The CPU is generally 32-bit: that is the width of registers, the size of each instruction word. The size of memory locations are 16 bit due to a limitation in the amount of available memory on the mojo baord(64 KB).
An instruction is 32 bits wide. The opcode is 6 bits an register address 5, and an immidiate 16 bits. There are three main types of instructions:
TypeA: Opcode RegD RegA RegB
TypeB: Opcode RegD RegA Immidiate
TypeC: Opcode RegA RegB Immidiate
There are 32 32-bit registers.
- c0 zero; unchangeable
- c1-c11 saved registers for static variables (preserved accross function calls)
- c12-c17 scratch temporary registers
- c18 stack pointer
- c19 function return address
- c20 function return value
- c20-c25 function args
- c25-c31 scratch temporary registers
Mnemonic | Encoding | Operation |
---|---|---|
ADD | b000000 | Add two registers Rd = Ra + Rb |
ADC | b000001 | Addition with carry Rd = Ra + Rb + carry |
SUB | b000010 | Subtraction Rd = Rb - Ra |
SBB | b000011 | Subtraction with borrow Rd = Rb - Ra - carry |
OR | b000100 | Bitwise or Rd = Ra |
AND | b000101 | Bitwise and Rd = Ra & Rb |
XOR | b000110 | Bitwise exclusive or Rd = Ra ^ Rb |
SHL | b001000 | Bitshift to the left Rd = Ra << Rb |
SHR | b001000 | Bitshift to the right Rd = Ra >> Rb |
SAR | b001000 | Signed shift to the right Rd = Ra >> Rb |
MUL | b001001 | Multiply Rd = Ra * Rb |
SEB | b000111 | Sign extend byte Rd = (int)(Ra & 0xff) |
SEH | b000111 | Sign extend halfword Rd = (int)(Ra & 0xffff) |
ADDI | b000000 | Add immidiate Rd = Ra + Imm |
ADCI | b000001 | Addition with carry Rd = Ra + Imm + carry |
SUBI | b000010 | Subtraction Rd = Imm - Ra |
SBBI | b000011 | Subtraction with borrow Rd = Imm - Ra - carry |
ORI | b000100 | Bitwise or Rd = Ra |
ANDI | b000101 | Bitwise and Rd = Ra & Imm |
XORI | b000110 | Bitwise exclusive or Rd = Ra ^ Imm |
SHLI | b001000 | Bitshift to the left Rd = Ra << Imm |
SHRI | b001000 | Bitshift to the right Rd = Ra >> Imm |
SARI | b001000 | Signed shift to the right Rd = Ra >> Imm |
MULI | b001001 | Multiply Rd = Ra * Imm |
LW | b100000 | Load word from memory Rd = Mem[Ra + Imm] |
LH | b100000 | Load halfword from memory Rd = (short)Mem[Ra + Imm] |
LB | b100000 | Load byte from memory Rd = (char)Mem[Ra + Imm] |
LHU | b100000 | Load unsigend halfword from memory Rd = (unsigned short)Mem[Ra + Imm] |
LBU | b100000 | Load unsigned byte from memory Rd = (byte)Mem[Ra + Imm] |
SW | b100000 | Store word in memory Mem[Ra + Imm] = Rb |
SH | b100000 | Store halfword in memory Mem[Ra + Imm] = (short)Rb |
SB | b100000 | Store byte in memory Mem[Ra + Imm] = (byte)Rb |
BEQ | b111000 | Branch if equal PC = Imm if(Ra == Rb) |
BNE | b111001 | Branch if not equal PC = Imm if(Ra != Rb) |
BGU | b111010 | Branch if PC = Imm if(Ra > Rb) |
BGEU | b111011 | Branch if equal PC = Imm if(Ra == Rb) |
BG | b111100 | Branch if PC = Imm if(Ra > Rb) |
BGE | b111101 | Branch if equal PC = Imm if(Ra == Rb) |
BC | b111110 | Branch if carry flag is set PC = Imm if(carry) |
B | b111111 | Unconditional branch PC = Imm |
BX | b111111 | Branch to register PC = Ra |
CALL | b111111 | Branch and set the link register LR= PC; PC = Imm |
This is a rough overwiew of the proccesor.

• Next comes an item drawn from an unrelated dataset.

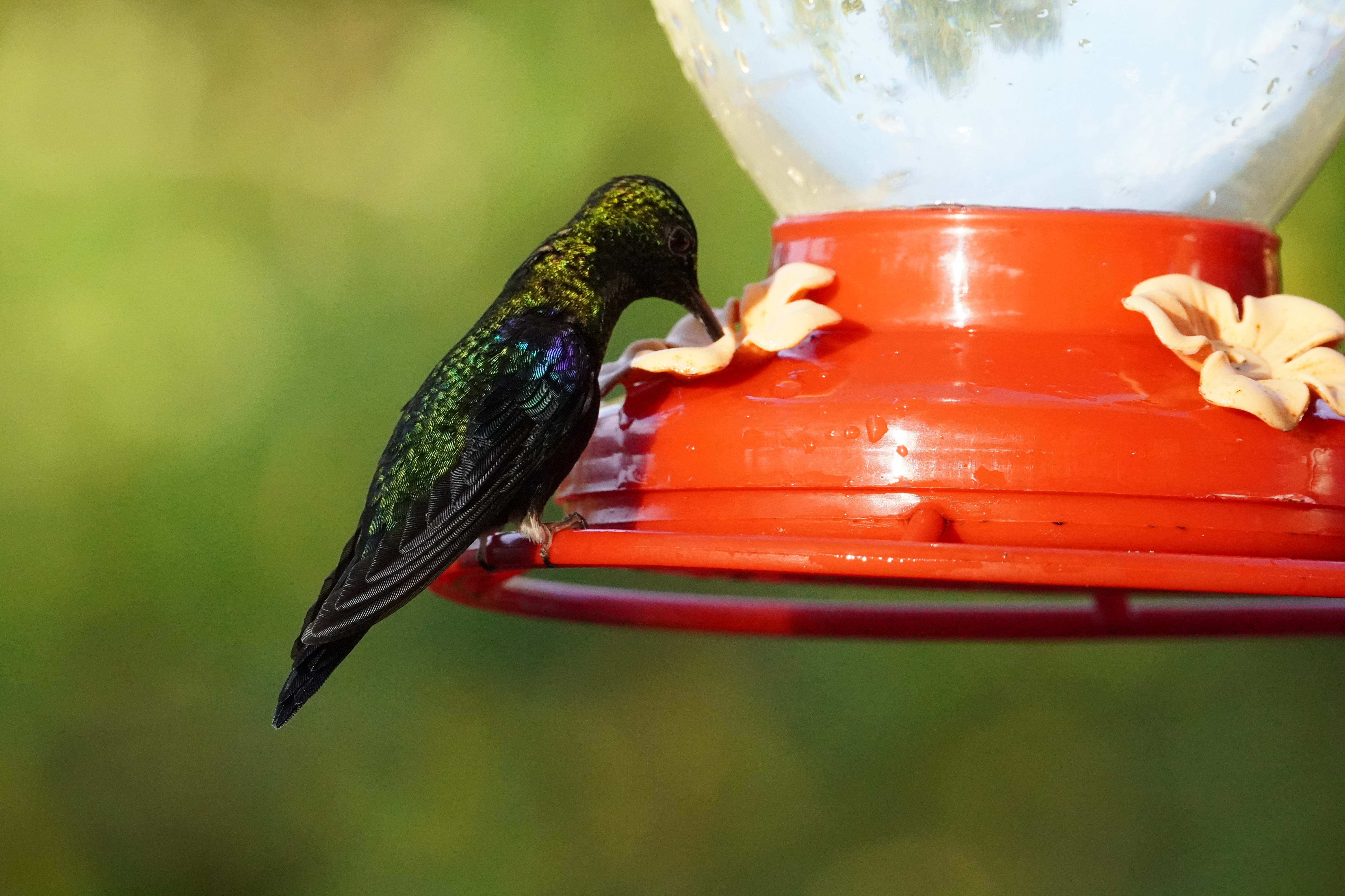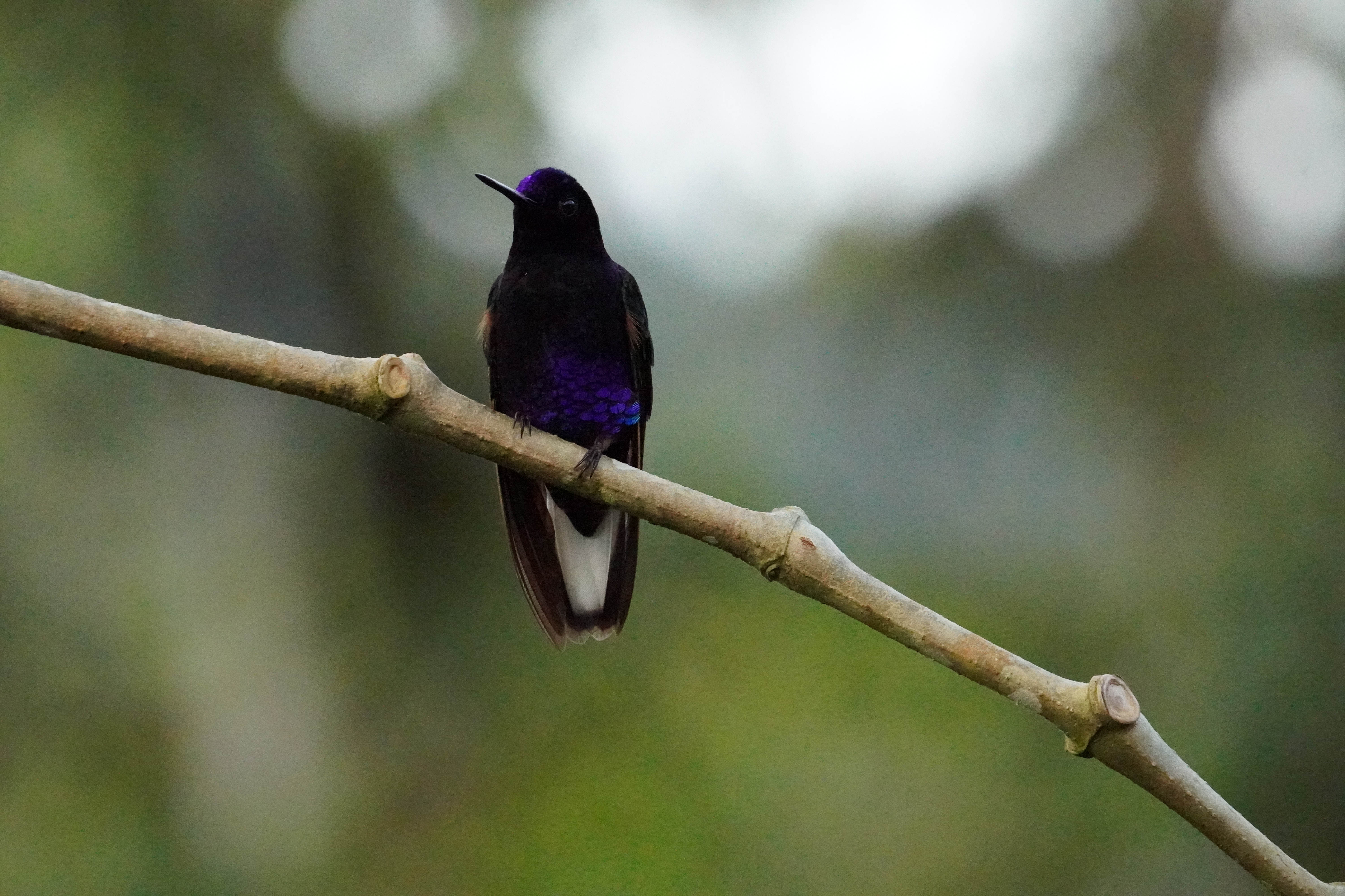 The highways in Ecuador are exceptionally good, in many cases way better than the Autobahn in Germany. Therefore we could travel way faster than in most other countries. After a few hours we passed the huge city Quito with wild highways up and down around it, crossed the equatorial line and were back on the north half of the globe. We did that on the way to Mindo a little town in the cloud forrest. The road was winding through a huge valley but in perfect conditions. We made a little stop at the Los Armadillos cafe for a coffee and because we read that you could see a lot of humming birds there…. and that was a slight understatement. The place was literally humming from the humming birds. We counted way over 15 different species of humming birds, from tiny green ones to huge black ones. The place was amazing! We had a good coffee and a fresh made sweet empanada filled with pineapple jam while the humming birds were flying all around us.

It consist of a four pipeline stage. In the first clock cycle the PC is incremented and the instruction is loaded. In the second the instruction is decoded and the proccesor decides what to do. In the third the proccesor executes the instruction, the relevant calculations are performed and the memory is accessed. In the fourth the result is written back into a register and the instruction is done.
To increase performance the proccesor is pipelined, this means that while an instruction is decoded the next one is already loaded. While this does increase performance, this does mean that hazards arise. For example, an instruction might read a value before that value is written back, thus resulting in an incorrect value being used
0: addi c20, c0, 23
4: addi c21, c20, 32
Here the second instruction reads c20 before the first instruction has written the accurate result back. This means that the result of the second instruction will be incorrect. To deal with this a technique called forwarding is used. The alu result is then directly forwarded to the alu input hereby bypassing the writeback stage. In cases where this is not possible the proccesor is stalled until the instruction is completed.